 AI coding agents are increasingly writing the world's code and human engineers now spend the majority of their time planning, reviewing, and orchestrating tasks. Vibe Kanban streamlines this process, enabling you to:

---

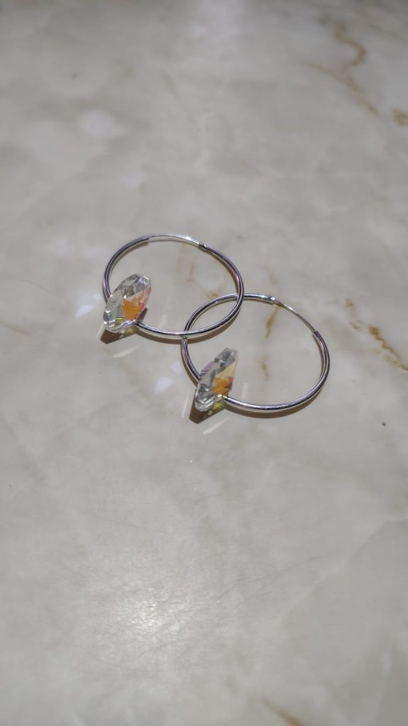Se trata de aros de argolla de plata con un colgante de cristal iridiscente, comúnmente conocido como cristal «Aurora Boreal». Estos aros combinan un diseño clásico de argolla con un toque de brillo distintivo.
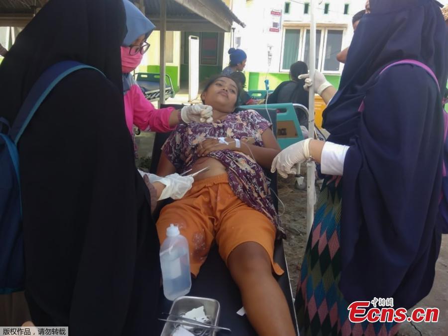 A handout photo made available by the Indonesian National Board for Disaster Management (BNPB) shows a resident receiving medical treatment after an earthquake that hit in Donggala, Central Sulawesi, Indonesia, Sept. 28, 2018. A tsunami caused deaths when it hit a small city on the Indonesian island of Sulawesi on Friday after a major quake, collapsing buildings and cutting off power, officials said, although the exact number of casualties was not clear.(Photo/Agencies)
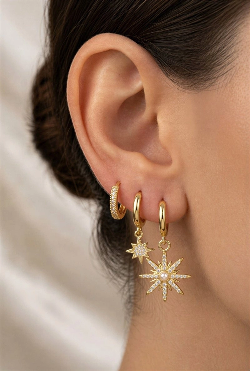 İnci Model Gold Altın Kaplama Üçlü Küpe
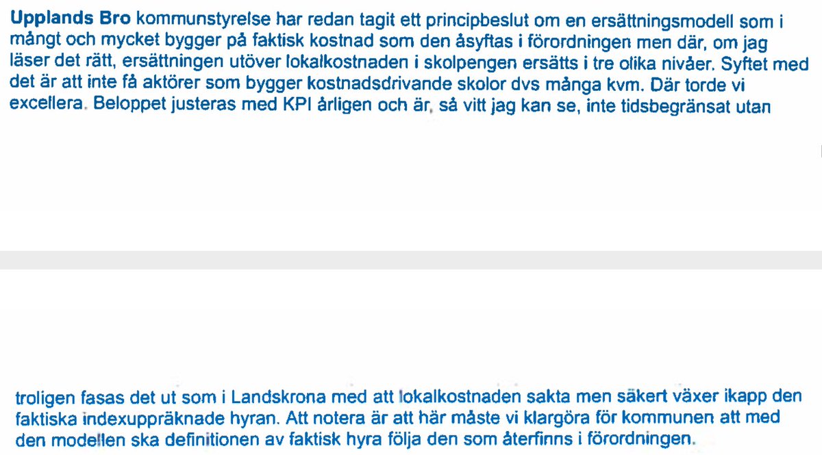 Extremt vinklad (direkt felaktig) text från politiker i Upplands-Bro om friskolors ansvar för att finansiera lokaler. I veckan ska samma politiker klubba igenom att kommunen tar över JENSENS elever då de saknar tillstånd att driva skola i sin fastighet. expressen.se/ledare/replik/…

*Task goal*:
Everything above from the line containing "Se trata de" down to the line containing "Extremt vinklad (direkt" is to be duplicated exactly, both lines included, and the pictures are to be omitted.

*Answer to the problem*:
Se trata de aros de argolla de plata con un colgante de cristal iridiscente, comúnmente conocido como cristal «Aurora Boreal». Estos aros combinan un diseño clásico de argolla con un toque de brillo distintivo.
 A handout photo made available by the Indonesian National Board for Disaster Management (BNPB) shows a resident receiving medical treatment after an earthquake that hit in Donggala, Central Sulawesi, Indonesia, Sept. 28, 2018. A tsunami caused deaths when it hit a small city on the Indonesian island of Sulawesi on Friday after a major quake, collapsing buildings and cutting off power, officials said, although the exact number of casualties was not clear.(Photo/Agencies)
 İnci Model Gold Altın Kaplama Üçlü Küpe
 Extremt vinklad (direkt felaktig) text från politiker i Upplands-Bro om friskolors ansvar för att finansiera lokaler. I veckan ska samma politiker klubba igenom att kommunen tar över JENSENS elever då de saknar tillstånd att driva skola i sin fastighet. expressen.se/ledare/replik/…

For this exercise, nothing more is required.